Katy B singles chronology
| "Find Tomorrow (Ocarina)" (2013) | "Crying for No Reason" (2014) | "Still" (2014) |

= Crying for No Reason =

2014 single by Katy B

"Crying for No Reason" is a song by English singer Katy B, produced by Geeneus. It was released on 26 January 2014 as the second single from her second studio album, Little Red. It entered the UK Singles Chart at number five.

==Music video==
The music video for the song was released onto Katy B's YouTube channel on 26 December 2013, lasting a total length of four minutes and three seconds. As of May 2025, the video has over 16 million views.

==Critical reception==
Robert Copsey of Digital Spy gave the song a positive review, stating:

Now in the January/February Q1 period where exciting releases are few and far between, her latest effort 'Crying For No Reason' shines brightly in an otherwise desolate pop landscape. That's not to say the song itself - a stunning breakstep ballad about having a weepy moment for no particular reason ("I felt strong but am I breaking now?" she asks over crashing electro drums) - isn't worthy of such attention, as it really is one of the best ballads we've heard in quite some time. .

==Track listing==

Digital download - single
| No. | Title | Length |
|---|---|---|
| 1. | "Crying for No Reason" | 4:03 |

Digital download - EP
| No. | Title | Length |
|---|---|---|
| 1. | "Crying for No Reason" (Infinity Ink Remix) | 6:51 |
| 2. | "Crying for No Reason" (Morri$ Remix) | 3:20 |
| 3. | "Crying for No Reason" (Tom Shorterz Remix) | 6:05 |
| 4. | "Crying for No Reason" (KDA Remix) | 5:21 |
| Total length: |  | 23:42 |

Amazon-exclusive remix
| No. | Title | Length |
|---|---|---|
| 1. | "Crying for No Reason" (KDA Blue Mix) | 5:05 |

==Personnel==
- Kathleen "Katy B" Brien - vocals, writer
- Gordon "Geeneus" Warren - producer, instruments, writer
- Guy Chambers - writer

==Chart performance==

The song charted at number 5 in the United Kingdom and also peaked at 21 in the Irish Charts. It is her first solo single to chart in Ireland.
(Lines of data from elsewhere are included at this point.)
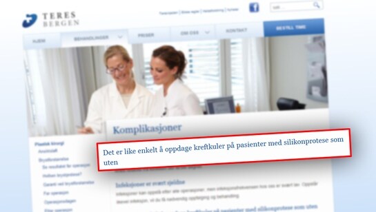 At Teres-klinikkar som utfører brystforstørringar skriv at implantat kan gjere det lettare å oppdaga brystkreft, vekkjer reaksjonar hjå leiaren i Norsk Bryst Cancer Gruppe.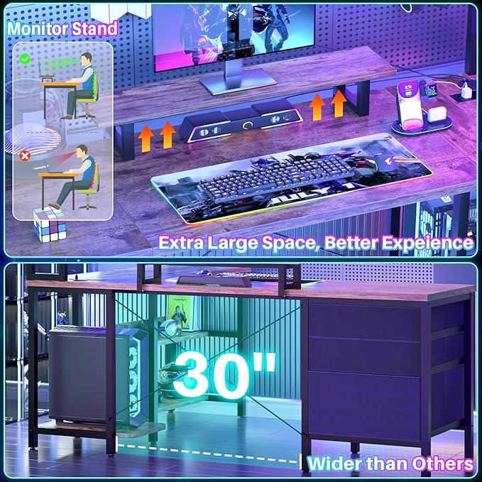 Aheaplus L Shaped Desk with Hutch, Gaming Desk with Led Lights, Reversible Computer Desk with Power Outlet, Corner Desk with File Drawer & Monitor Stand, Storage Shelves for Home, F1, Rustic Brown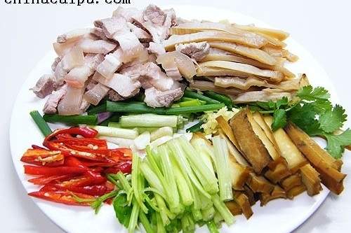 150 gram thịt lợnLượng hẹ thích hợp, lượng cần tây thích hợp, 4 quả ớt đỏ Chaotian, 1 muỗng cà phê gừngThành phần rượu 2 muỗng canh tỏi 2 muỗng canh nước tương 1 muỗng cà phê sốt hàuĐường trắng (không cần thêm muối.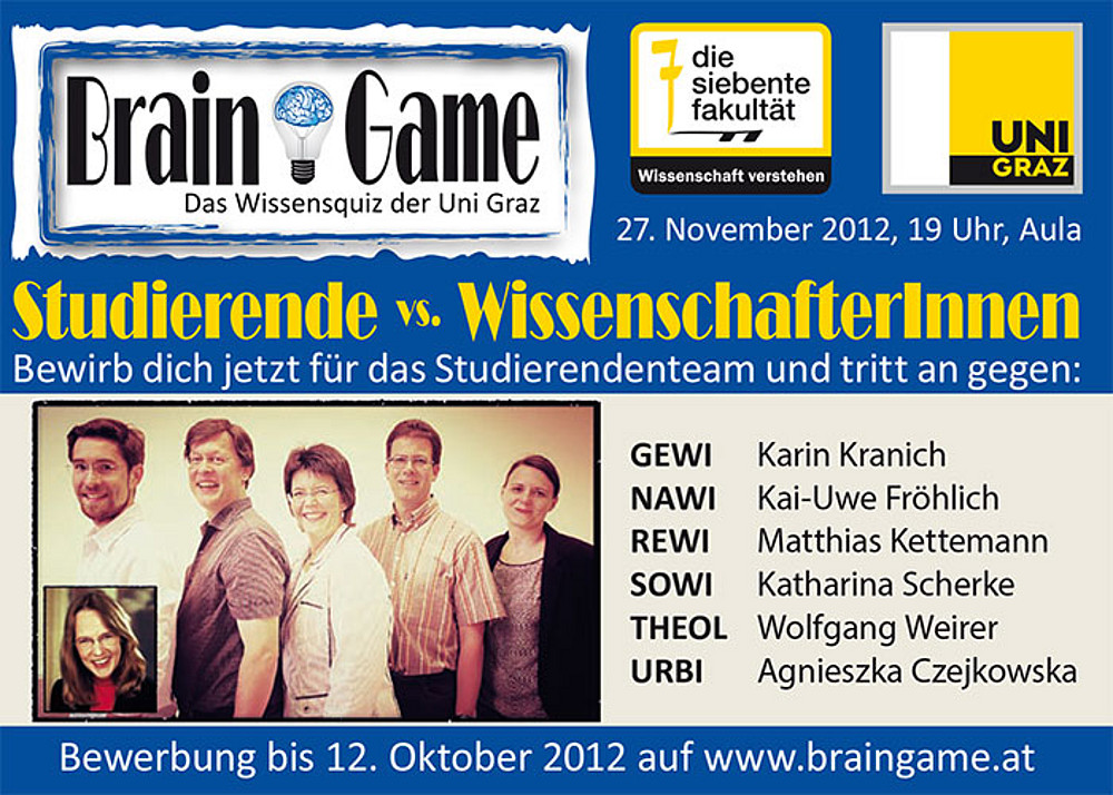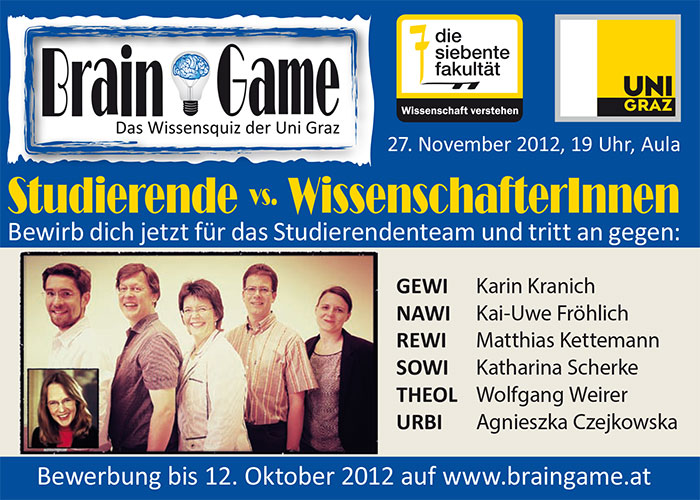 Die 7. fakultät - das Zentrum für Gesellschaft, Wissen und Kommunikation veranstaltet auch heuer wieder "Braingame". Bei diesem Wissensquiz der Uni Graz treten sechs Studierende gegen sechs WissenschafterInnen an und liefern sich in der Aula der Uni Graz einen Wettkampf auf höchstem Niveau. Spannung garantiert.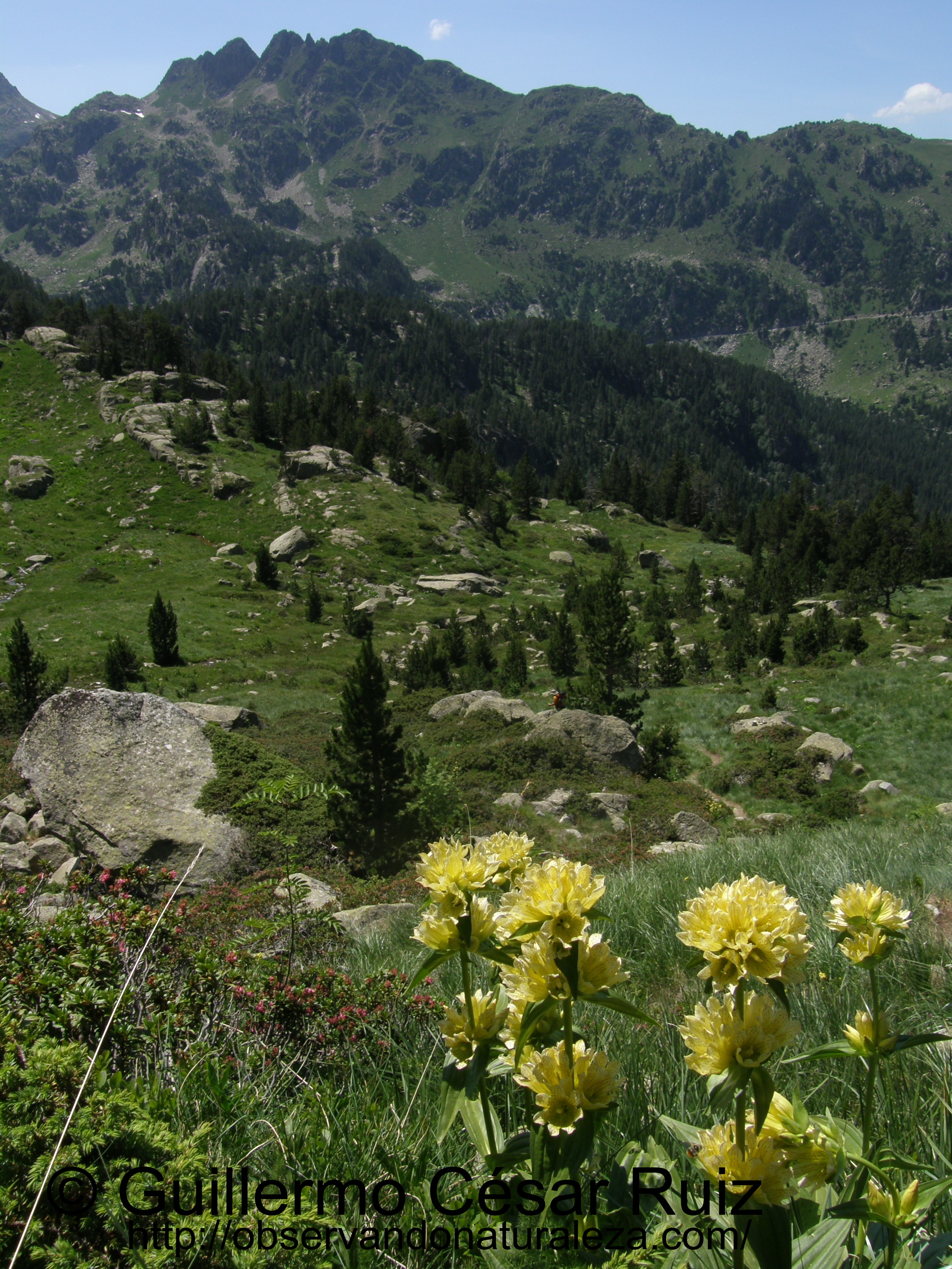 Delante de nuestros ojos se abrió otro paisaje grandioso con lo que creíamos que sería el refugio de Colomers junto a un lago y el corazón de los Pirineos al fondo. La bajada fue una de las más duras del circuito, con 300 m de desnivel y una pendiente muy pronunciada que nos obligaba a forzar las rodillas sobremanera. En mitad del descenso nos surgieron las dudas ya que teníamos la referencia visual del refugio a nuestra izquierda pero el sendero giraba a la derecha alejándose cada vez más de esa dirección. El mapa nos confirmó que íbamos por el buen camino, ya que la senda giraba 90º una vez llegaba al fondo del valle. Antoni seguía con sus sospechas al respecto… una vez abajo y con los cuerpos bastante machacados, nos dispusimos a afrontar el último tramo bastante llano y con ligeras subidas entre prados y bastante vegetación. Guille ya no estaba a estas alturas para muchas fotografías «botánicas», a pesar de lo cual logró encontrar la «genciana de flores amarillas» (por sus endemismos los conocerás).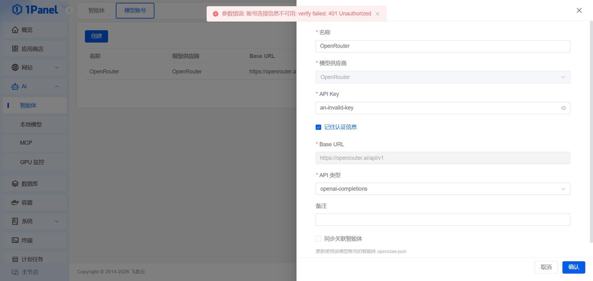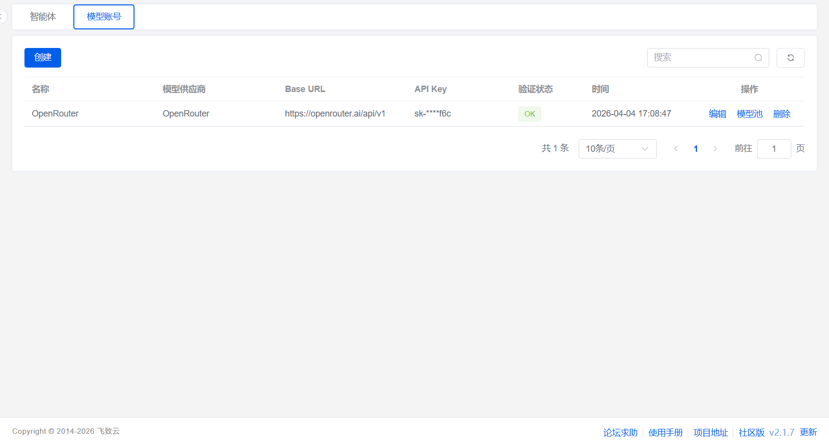 在配置模型账号时显示ok。

==Charts and certifications==

===Weekly charts===

| Chart (2014) | Peak position |
|---|---|
| Belgium (Ultratip Bubbling Under Flanders) | 4 |
| Belgium Dance (Ultratop Flanders) | 34 |
| Bulgaria (IFPI) | 4 |
| Czech Republic (Rádio – Top 100) | 84 |
| Ireland (IRMA) | 21 |
| Scotland Singles (OCC) | 5 |
| UK Singles (OCC) | 5 |

===Year-end charts===

| Chart (2014) | Position |
|---|---|
| UK Singles (OCC) | 63 |

===Certifications===

| Region | Certification | Certified units/sales |
| United Kingdom (BPI) | Gold | 400,000^{‡} |
^{‡} Sales+streaming figures based on certification alone.